In a multi-modal model, a word, an image patch, and an audio frame all become vectors in the SAME space. Because they share a space, the attention mechanism can relate them: a question token can attend to image tokens, an image region can be linked to a word. The model does not have separate 'vision reasoning' and 'language reasoning' — it has ONE reasoning process operating over a unified sequence of multi-modal tokens. This is what enables genuine cross-modal understanding, like answering a text question about an image.

✧

Intuition: Why a Shared Space Enables Cross-Modal Reasoning

Imagine each modality lived in its OWN separate space, with no connection. Then the model could process images and text, but never RELATE them — it could not answer 'what color is the car in this photo?' because the word 'car' and the image of the car would be in incomparable spaces. A SHARED space is what lets the model connect 'car' (text) to the car (pixels): they are nearby vectors the attention mechanism can link.

This is why CLIP's contribution was so foundational — it explicitly LEARNED a shared image-text space. Everything downstream (LLaVA, audio LLMs) builds on the principle that putting modalities in one space is what makes reasoning across them possible. The shared space is not an implementation detail; it is the whole idea.

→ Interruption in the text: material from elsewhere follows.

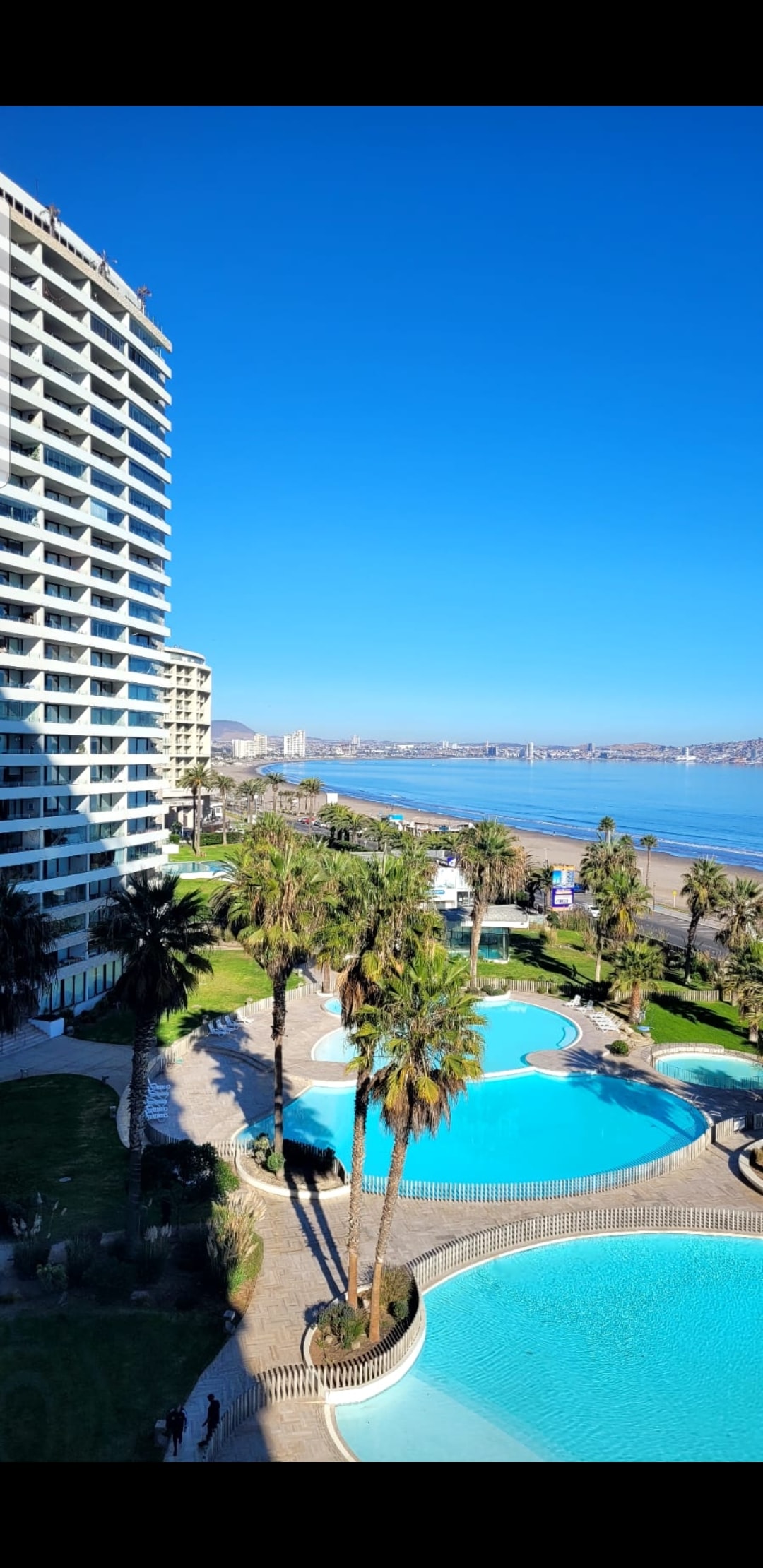 Hermoso departamento familiar , con vista al mar en un exclusivo sector de la serena con varias piscinas para distintas edades , también cuenta con piscina con olas artificiales y piscina temperada , quinchos , sauna y jacuzzi y la hermosa playa de La Serena frente al condominio , además de restaurantes, pub y ferias artesanales .

Alignment Is the Hard Part

The central challenge of multi-modality is ALIGNMENT — getting the different modalities to occupy the shared space consistently, so that semantically-related things across modalities land near each other. CLIP achieves it with contrastive learning; LLaVA's projector achieves it for the LLM's space; audio encoders achieve it for sound. When alignment is good, cross-modal reasoning works; when it is poor, the model 'sees' the image but cannot connect it to language. Most of the difficulty and the research in multi-modality is about achieving good alignment.

▶

ML Connection: Embeddings, All the Way Down

This chapter closes a loop opened back in Chapter 8 on embeddings. The whole edifice of modern AI rests on representing things — words, images, sounds, concepts — as vectors in meaningful spaces, where geometry encodes meaning and nearby vectors mean similar things. Multi-modality is the grand extension of that idea: put EVERYTHING in a shared vector space, and a single model can reason across all of it.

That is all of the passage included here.